▶ _Data_
# # # #
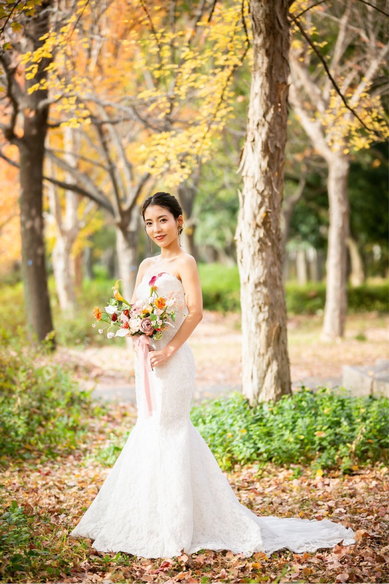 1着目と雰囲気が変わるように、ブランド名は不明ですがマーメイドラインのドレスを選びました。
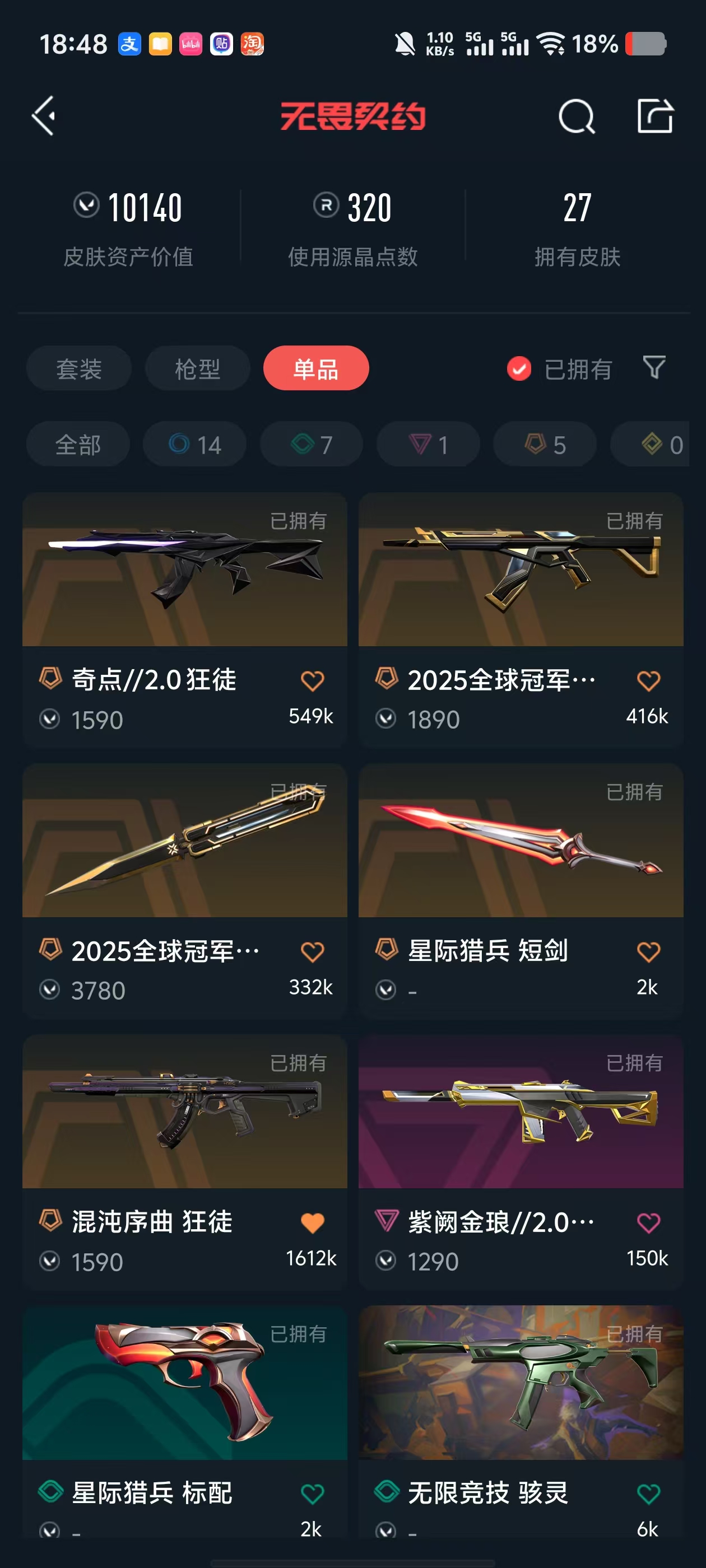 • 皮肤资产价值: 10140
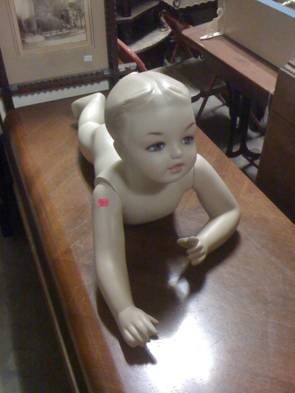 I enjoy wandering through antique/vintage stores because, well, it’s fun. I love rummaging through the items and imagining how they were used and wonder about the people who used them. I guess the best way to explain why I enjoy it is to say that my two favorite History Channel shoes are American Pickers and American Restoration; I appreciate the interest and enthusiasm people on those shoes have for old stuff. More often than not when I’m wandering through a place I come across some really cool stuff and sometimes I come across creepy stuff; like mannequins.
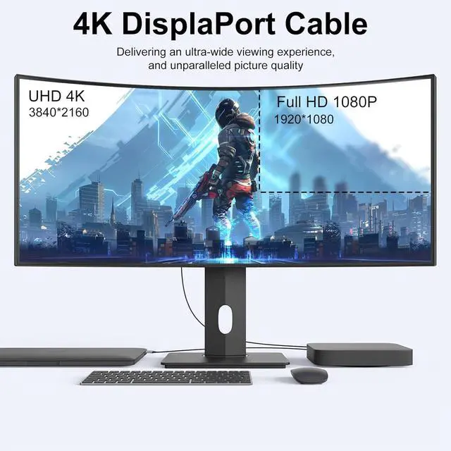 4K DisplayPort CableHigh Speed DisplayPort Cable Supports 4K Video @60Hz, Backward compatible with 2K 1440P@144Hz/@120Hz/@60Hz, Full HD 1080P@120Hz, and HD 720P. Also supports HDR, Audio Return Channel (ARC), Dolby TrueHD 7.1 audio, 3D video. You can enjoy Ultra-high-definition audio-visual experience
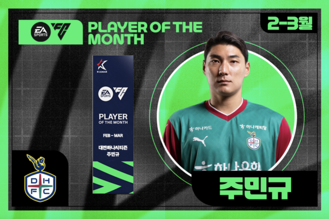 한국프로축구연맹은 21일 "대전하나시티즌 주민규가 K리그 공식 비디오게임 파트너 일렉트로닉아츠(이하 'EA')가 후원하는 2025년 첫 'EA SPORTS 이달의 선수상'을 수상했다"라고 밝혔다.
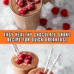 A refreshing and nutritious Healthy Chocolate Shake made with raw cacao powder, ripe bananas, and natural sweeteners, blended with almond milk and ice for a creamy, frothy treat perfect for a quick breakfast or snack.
# # # #
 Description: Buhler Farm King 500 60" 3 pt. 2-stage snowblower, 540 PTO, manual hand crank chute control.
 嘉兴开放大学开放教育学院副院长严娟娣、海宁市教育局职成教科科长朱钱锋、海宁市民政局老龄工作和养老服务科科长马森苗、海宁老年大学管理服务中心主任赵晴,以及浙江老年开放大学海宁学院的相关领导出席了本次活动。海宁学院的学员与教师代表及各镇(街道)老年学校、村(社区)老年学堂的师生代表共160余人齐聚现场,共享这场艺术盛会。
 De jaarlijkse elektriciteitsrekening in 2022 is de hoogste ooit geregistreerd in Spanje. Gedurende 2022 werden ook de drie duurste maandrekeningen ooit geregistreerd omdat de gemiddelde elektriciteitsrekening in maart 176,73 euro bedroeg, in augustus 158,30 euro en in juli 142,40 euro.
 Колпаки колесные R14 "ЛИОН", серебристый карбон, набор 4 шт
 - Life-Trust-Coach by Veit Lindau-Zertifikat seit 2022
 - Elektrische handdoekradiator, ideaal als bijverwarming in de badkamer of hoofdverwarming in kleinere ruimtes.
# # # #
▶ _Exercise details_
Everything above from the line with "- Life-Trust-Coach by" to the line with "- Elektrische handdoekradiator, ideaal", both included, must be repeated exactly, and nothing outside that range.

▶ _Answer to the problem_
 - Life-Trust-Coach by Veit Lindau-Zertifikat seit 2022
 - Elektrische handdoekradiator, ideaal als bijverwarming in de badkamer of hoofdverwarming in kleinere ruimtes.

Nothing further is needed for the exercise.